The calamity of the Pacific, the loss of hundreds, if not thousands, of fish that once lived in land-locked African lakes, which have been disrupted by imported predatory fish, and the demise of chytrid-infected harlequin frogs in the New World, help explain why foreign predators and diseases have gained such a terrible reputation. Invasive species (if we include ourselves as hunters) have probably been the largest single cause of vertebrate extinctions since humans spilled out of Africa into an unsuspecting world. Given a choice, I would happily repatriate some of the most inconvenient of these super-successful species and resuscitate those that have become extinct. But this is not the world that we inhabit. Furthermore, invasive species are no longer near the top of the list of threats,17 perhaps because the isolated ecosystems and species that were particularly susceptible to interlopers from distant lands have, in the main, already been invaded.

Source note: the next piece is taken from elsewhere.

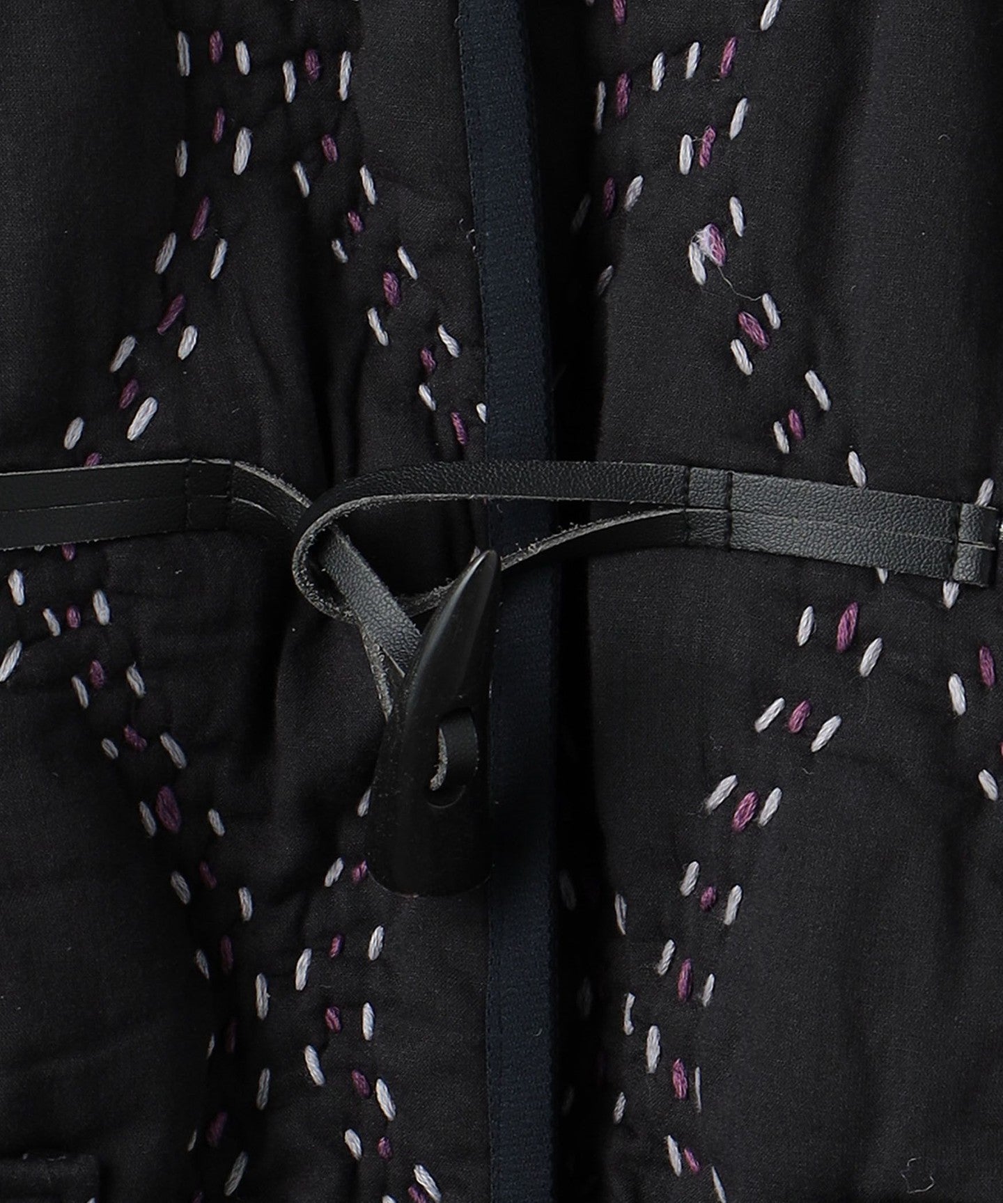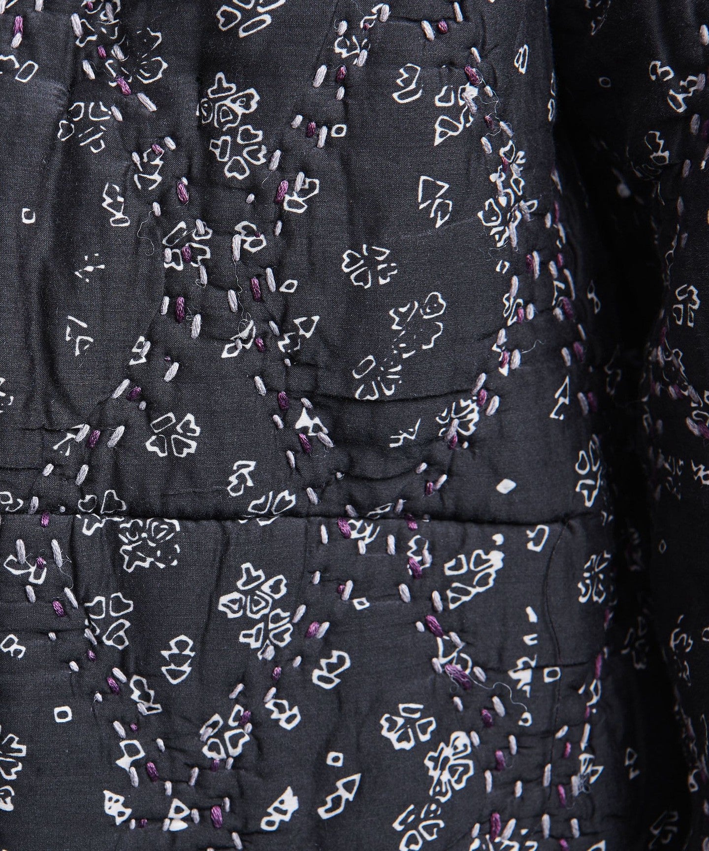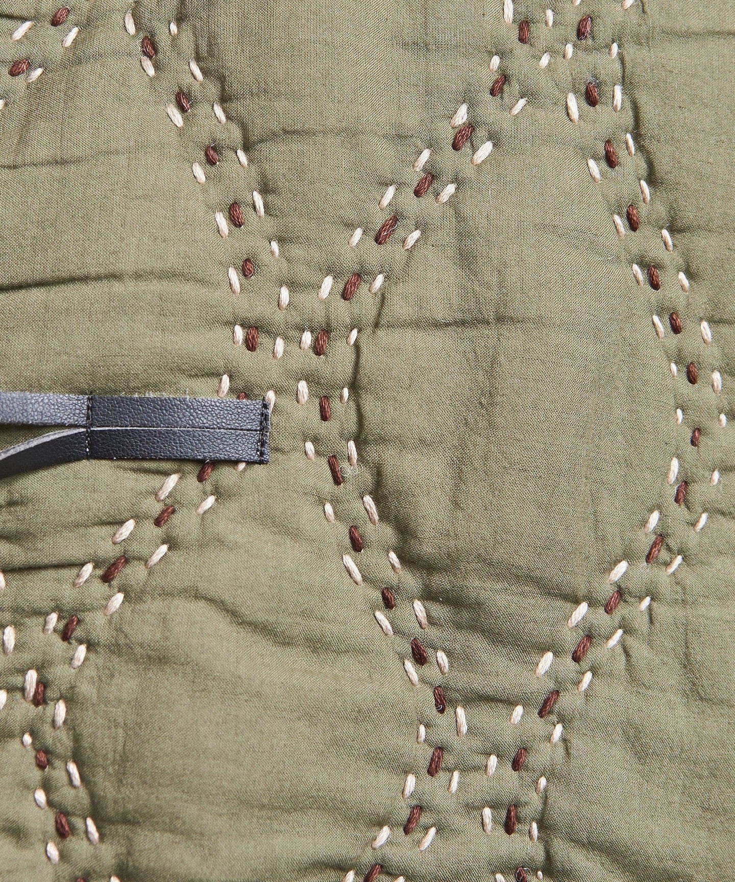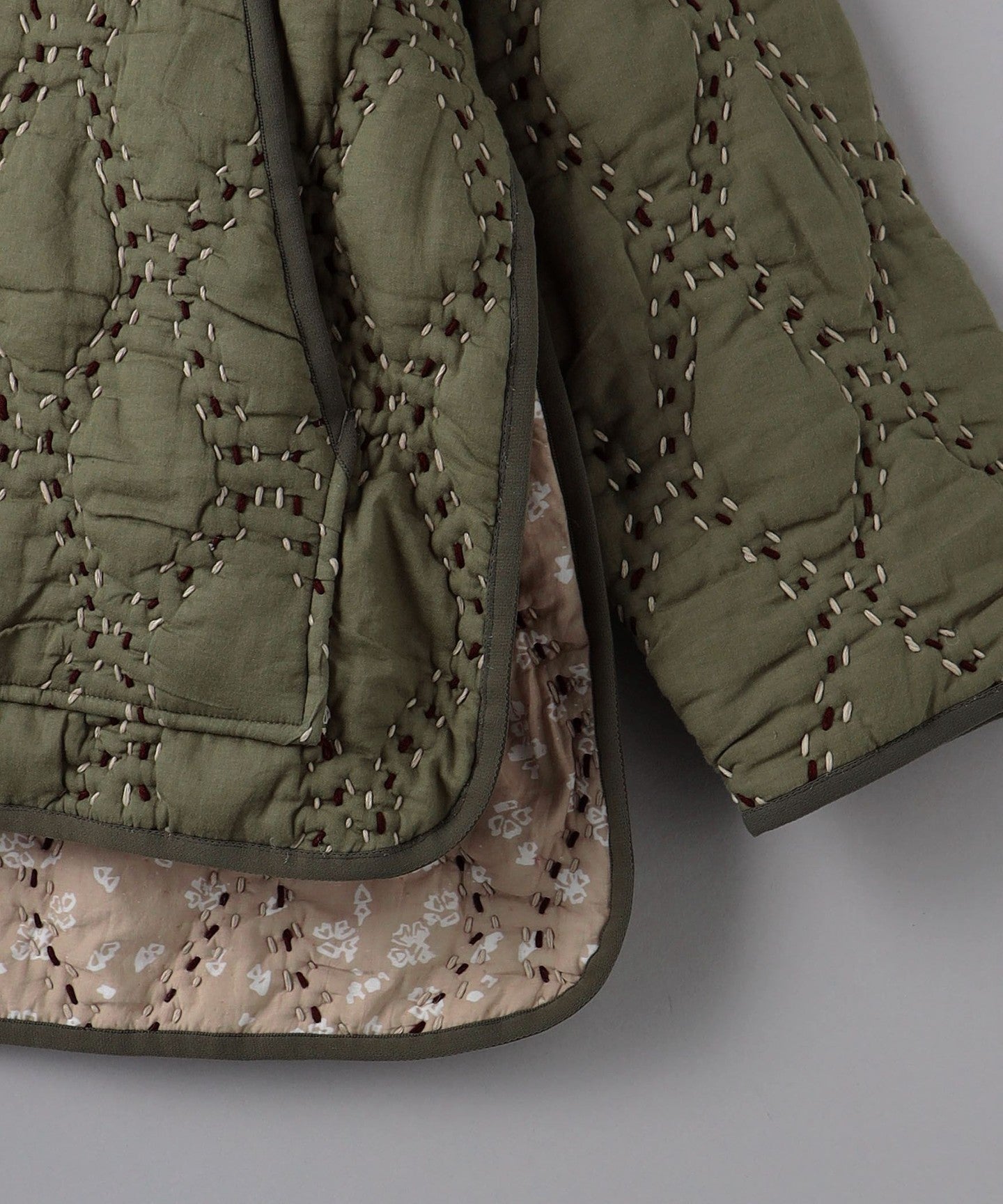 The entire piece is adorned with hand-made embroidery called "kantha," which is done stitch by stitch using only a needle and thread, luxuriously bringing out the delicate texture.

More remarkable than the losses, however, is quite how few foreign species have caused any others to go extinct at all. Most of the Pacific extinctions were accomplished by the aforementioned trio of big (human), medium-sized (dog) and small (rat) predators, and the rest by the arrival of a mere handful of additional carnivores and diseases, such as avian malaria and the mosquitos that transmit it. Only a few dozen out of thousands of foreign species that humans have transported across the constellation of Oceania’s islands have driven any native species extinct. Even fewer have caused other species to become extinct on the world’s largest continents.18 With notable exceptions, including the chytrid diseases of amphibians and chestnut blight in North America,19 foreign species hardly ever cause native species to become extinct from entire continents.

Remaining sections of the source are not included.